The solubilization of tricalcium phosphate began after two days of incubation, which was the same timeframe as the acidification process. The solubilization of iron phosphate did not begin until the fourth day of the experiment (Figure 3C). The highest soluble phosphorus values were recorded in the glucose treatments (GCa (315 mg L⁻¹) and GI (289 mg L⁻¹)). In the sucrose treatments with calcium (SCa) and iron (SI) phosphate, the soluble phosphorus values were 246 mg L⁻¹ and 179 mg L⁻¹, respectively.

Acidification is a key step towards Ca₃(PO₄)₂ solubilization. Bacteria dissolve calcium phosphates through the production of gluconic and 2-ketogluconic acids through enzymes located in the periplasmic space [17]. Sowmya et al. [25] reported that there was a direct relationship between P solubilization and medium acidification. It has been reported that acidification modifies the precipitation/dissolution equilibrium of P and calcium sequestration by organic acids, and this results in P solubilizing and bioavailability [5,7]. Aliyat et al. [34] recently showed the decreasing pH of culture medium through organic acids production (formic, propionic, isobutyric, butyric, isovaleric, caproic, and heptanoic acids) by PSB strains. Benbrik et al. [19] pointed out that in a liquid culture medium, microbial biomass respiration generates CO_2,-producing carbonic acid, creating acidic conditions and, consequently, bacterial growth inhibition, as well solubilization activity.

Mukhtar et al. [35] and McRae and Monreal [36] noted that PSBs use glucose and sucrose as carbon sources because these are the predominant sugars in rhizosphere exudates. Stefaoni et al. [37] noted that glucose increases solubilizing activity by serving as a substrate for the synthesis of gluconic acid. This acidifies the medium, allowing the phosphate solubilization. Glucose also favors the synthesis of oxalic acid, a key element for solubilizing Ca₃(PO₄)₂, by acting as a calcium chelator.

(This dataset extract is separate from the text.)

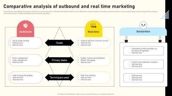 The following slide depicts comparison of outbound and real time promotional techniques to determine key differences and similarities. It includes elements such as social media posting, event management, analyzing customer journeys, mobile messaging, lead scoring and grading, Find a pre designed and impeccable Incorporating Real Time Marketing For Improved Consumer Comparative Analysis Of Outbound Ideas PDF. The templates can ace your presentation without additional effort. You can download these easy to edit presentation templates to make your presentation stand out from others. So, what are you waiting for Download the template from Slidegeeks today and give a unique touch to your presentation.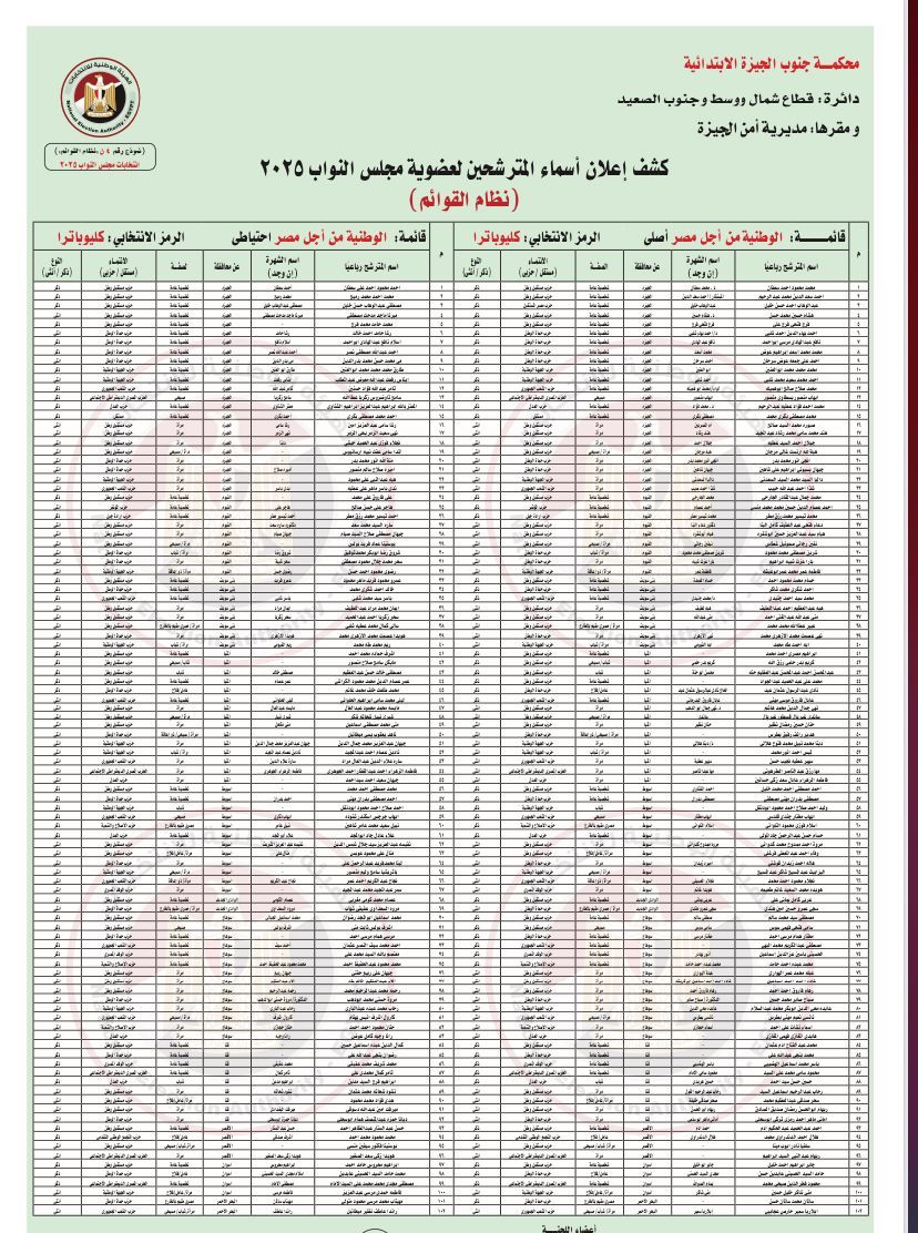 أعلنت الهيئة الوطنية للانتخابات عن أسماء القائمة المرشحة بدائرة قطاع شمال ووسط وجنوب الصعيد لانتخابات مجلس النواب 2025.

Lim et al. [38] and Shen et al. [39] reported that the solubilization of phosphates is related to the physiology, metabolism, and genetic constitution of each bacterial species, and depending on the time required for solubilizing inorganic P, PSBs can be classified into early and late solubilizers, with early solubilizers being those having a maximum P-solubilization value at 72 incubation hours and late solubilizers being those that solubilize P after four or five incubation days. According to this, the A3 bacterial strain could be considered a late solubilizer since it solubilized tricalcium and iron phosphate on the eighth and sixth incubation days, respectively.

4. Conclusions

The main findings of this research were that the bacterial strains here studied were tolerant to alkaline or acidic conditions and retained their phosphate solubilization activity. This is an important outcome because it demonstrates that these strains can be applied as biofertilizers in soils with similar pH levels. The bacteria Pseudomonas libanensis, and Bacillus siamensis were novel findings for their phosphate solubilization activities. Finally, Bacillus pumilus became an ideal candidate for promoting sustainable agriculture through its application as biofertilizer due to its proven ability to grow in both pH ranges, its metabolic versatility in using different carbon sources, and its efficiency in solubilizing iron phosphate and tricalcium phosphate.